*** Given information

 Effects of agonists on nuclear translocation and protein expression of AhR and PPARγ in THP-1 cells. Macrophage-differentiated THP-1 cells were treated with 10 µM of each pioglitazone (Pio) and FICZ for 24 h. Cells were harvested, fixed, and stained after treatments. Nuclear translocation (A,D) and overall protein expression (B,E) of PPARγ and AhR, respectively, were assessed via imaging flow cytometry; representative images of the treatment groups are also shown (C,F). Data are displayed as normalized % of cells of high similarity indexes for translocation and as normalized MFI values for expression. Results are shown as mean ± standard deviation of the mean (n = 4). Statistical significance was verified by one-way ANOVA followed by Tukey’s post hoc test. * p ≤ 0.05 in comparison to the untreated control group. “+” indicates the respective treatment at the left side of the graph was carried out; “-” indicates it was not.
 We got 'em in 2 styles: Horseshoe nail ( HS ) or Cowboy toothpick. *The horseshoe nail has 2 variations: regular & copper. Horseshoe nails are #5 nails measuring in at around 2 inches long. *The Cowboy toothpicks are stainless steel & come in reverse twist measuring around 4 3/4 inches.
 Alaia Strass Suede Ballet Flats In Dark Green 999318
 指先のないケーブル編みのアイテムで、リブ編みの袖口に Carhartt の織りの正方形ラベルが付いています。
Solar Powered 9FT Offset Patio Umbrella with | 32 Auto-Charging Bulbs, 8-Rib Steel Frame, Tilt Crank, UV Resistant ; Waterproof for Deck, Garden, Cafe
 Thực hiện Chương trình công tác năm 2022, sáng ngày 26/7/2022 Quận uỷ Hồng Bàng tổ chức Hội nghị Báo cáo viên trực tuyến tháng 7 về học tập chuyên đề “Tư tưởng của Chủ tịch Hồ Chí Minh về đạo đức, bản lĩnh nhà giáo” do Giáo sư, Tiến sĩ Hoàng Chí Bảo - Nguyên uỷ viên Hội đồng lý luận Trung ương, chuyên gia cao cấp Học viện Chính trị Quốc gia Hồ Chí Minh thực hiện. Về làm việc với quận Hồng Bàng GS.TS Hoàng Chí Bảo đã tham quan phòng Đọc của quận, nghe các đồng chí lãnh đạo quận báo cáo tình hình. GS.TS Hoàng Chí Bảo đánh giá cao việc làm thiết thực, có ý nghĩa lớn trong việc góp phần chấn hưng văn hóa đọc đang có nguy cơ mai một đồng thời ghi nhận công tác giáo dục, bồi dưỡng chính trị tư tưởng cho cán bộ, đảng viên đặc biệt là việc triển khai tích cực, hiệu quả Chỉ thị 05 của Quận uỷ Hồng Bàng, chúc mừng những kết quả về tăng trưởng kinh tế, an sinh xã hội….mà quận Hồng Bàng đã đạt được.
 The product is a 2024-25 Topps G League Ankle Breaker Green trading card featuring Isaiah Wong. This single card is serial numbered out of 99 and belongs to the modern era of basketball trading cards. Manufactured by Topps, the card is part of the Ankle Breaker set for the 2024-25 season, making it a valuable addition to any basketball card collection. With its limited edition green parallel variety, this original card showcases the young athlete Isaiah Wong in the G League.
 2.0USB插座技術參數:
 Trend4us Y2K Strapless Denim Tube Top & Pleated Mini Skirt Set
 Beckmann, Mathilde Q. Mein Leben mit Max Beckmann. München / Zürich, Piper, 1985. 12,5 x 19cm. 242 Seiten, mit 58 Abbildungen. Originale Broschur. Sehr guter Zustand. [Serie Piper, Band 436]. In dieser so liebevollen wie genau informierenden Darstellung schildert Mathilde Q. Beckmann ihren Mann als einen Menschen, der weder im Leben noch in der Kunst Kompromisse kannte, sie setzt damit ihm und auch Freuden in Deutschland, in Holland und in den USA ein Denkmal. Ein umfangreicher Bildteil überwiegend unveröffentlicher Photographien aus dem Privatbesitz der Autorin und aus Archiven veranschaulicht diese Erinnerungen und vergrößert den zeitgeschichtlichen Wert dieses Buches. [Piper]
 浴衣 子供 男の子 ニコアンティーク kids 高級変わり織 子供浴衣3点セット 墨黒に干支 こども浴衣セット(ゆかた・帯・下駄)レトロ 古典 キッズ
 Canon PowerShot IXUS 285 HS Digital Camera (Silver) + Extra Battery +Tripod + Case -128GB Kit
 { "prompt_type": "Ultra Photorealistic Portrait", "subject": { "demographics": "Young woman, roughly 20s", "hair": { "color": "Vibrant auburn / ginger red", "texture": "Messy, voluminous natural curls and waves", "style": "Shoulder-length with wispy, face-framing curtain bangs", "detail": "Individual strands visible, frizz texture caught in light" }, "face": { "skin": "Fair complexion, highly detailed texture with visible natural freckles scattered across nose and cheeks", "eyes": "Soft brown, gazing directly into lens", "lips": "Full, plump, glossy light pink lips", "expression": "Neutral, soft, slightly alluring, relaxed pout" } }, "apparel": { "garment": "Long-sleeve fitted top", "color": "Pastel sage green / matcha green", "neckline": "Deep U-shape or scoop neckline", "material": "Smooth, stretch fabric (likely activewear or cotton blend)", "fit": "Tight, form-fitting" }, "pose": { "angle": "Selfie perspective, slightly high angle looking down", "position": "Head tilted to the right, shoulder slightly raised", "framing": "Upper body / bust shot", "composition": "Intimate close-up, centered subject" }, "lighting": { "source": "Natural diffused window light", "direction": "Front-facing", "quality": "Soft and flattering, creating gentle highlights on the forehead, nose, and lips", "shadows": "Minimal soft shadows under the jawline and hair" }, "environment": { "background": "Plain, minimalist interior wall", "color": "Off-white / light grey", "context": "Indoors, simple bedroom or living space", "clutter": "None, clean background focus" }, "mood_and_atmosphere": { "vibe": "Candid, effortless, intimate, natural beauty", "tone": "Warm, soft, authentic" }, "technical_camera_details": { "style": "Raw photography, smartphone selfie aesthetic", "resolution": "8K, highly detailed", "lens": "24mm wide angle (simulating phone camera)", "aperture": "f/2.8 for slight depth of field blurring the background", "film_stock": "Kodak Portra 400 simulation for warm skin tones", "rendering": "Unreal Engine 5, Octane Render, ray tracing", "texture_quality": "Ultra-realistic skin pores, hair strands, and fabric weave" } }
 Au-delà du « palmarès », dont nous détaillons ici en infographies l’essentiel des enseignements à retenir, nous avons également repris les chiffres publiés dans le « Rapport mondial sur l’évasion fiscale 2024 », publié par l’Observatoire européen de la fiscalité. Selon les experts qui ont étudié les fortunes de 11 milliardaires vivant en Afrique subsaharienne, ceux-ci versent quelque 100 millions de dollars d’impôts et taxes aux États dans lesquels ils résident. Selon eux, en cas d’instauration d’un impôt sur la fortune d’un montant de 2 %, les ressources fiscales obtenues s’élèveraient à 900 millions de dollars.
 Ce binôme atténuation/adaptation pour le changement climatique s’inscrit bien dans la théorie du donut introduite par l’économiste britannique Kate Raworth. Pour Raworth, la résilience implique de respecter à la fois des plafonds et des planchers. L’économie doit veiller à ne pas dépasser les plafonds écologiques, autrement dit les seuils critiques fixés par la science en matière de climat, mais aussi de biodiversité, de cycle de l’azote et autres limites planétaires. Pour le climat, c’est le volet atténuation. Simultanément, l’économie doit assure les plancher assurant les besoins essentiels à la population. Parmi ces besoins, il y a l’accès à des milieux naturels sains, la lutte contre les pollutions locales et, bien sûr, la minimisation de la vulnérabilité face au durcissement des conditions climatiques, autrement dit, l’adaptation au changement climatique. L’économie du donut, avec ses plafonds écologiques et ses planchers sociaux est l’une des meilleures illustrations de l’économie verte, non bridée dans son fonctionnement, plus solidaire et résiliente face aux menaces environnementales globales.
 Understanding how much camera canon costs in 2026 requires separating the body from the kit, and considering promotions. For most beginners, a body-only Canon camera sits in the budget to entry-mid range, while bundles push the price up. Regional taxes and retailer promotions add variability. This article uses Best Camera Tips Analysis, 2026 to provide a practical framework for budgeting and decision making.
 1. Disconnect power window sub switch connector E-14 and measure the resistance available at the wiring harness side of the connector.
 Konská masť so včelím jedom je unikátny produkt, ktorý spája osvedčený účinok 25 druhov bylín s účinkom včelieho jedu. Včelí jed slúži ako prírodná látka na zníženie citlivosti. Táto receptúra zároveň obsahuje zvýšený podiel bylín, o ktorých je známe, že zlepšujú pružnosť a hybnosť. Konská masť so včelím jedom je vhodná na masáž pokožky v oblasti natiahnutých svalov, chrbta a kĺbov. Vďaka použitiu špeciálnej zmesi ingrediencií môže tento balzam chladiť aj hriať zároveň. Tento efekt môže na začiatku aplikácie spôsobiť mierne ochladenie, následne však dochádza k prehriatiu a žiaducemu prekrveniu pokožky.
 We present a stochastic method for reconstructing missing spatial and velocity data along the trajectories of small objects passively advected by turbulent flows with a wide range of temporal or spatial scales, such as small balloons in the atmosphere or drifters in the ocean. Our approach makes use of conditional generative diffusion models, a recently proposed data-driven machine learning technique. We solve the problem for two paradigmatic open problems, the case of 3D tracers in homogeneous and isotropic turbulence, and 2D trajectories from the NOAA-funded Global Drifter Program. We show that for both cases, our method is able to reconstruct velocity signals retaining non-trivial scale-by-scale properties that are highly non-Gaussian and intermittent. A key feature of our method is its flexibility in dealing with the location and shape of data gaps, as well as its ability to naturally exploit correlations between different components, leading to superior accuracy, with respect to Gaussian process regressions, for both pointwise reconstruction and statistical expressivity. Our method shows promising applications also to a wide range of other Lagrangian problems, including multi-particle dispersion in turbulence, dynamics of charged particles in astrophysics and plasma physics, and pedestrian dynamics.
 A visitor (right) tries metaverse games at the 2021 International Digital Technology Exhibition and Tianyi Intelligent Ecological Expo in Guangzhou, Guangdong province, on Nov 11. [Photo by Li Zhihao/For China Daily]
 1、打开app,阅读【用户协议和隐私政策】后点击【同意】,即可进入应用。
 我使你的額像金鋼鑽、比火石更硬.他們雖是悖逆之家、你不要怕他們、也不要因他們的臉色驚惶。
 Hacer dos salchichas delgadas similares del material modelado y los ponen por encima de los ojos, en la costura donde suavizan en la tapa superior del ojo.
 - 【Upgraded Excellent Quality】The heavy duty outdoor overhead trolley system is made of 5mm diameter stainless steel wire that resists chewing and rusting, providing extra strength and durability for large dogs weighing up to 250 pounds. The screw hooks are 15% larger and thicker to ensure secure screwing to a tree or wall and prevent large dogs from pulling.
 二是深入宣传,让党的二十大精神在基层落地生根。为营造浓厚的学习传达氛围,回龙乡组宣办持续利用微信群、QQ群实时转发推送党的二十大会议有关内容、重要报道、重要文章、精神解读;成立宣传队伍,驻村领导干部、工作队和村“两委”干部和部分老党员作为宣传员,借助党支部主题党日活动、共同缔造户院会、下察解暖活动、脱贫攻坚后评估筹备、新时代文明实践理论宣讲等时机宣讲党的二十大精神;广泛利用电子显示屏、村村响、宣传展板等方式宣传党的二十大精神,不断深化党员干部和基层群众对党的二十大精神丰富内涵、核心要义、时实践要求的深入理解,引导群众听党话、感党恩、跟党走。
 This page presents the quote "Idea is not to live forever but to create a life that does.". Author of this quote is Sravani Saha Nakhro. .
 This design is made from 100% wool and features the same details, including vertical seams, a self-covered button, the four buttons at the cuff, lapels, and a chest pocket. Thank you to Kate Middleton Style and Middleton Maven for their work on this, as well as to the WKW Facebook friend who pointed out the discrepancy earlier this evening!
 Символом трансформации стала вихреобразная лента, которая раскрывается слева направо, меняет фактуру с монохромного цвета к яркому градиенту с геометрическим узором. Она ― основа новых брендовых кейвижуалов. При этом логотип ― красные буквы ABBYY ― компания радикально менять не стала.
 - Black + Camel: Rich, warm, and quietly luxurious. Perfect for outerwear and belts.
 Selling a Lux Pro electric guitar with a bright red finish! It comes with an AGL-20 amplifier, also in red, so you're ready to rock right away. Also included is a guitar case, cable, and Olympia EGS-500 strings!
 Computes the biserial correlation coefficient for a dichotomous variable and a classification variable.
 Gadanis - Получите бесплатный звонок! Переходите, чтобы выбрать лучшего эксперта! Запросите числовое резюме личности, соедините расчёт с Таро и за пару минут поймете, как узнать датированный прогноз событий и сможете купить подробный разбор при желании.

******

* **Description of the task**
Give the number of lines in the entries above that include the word "This", and nothing more.

* **Written answer**
4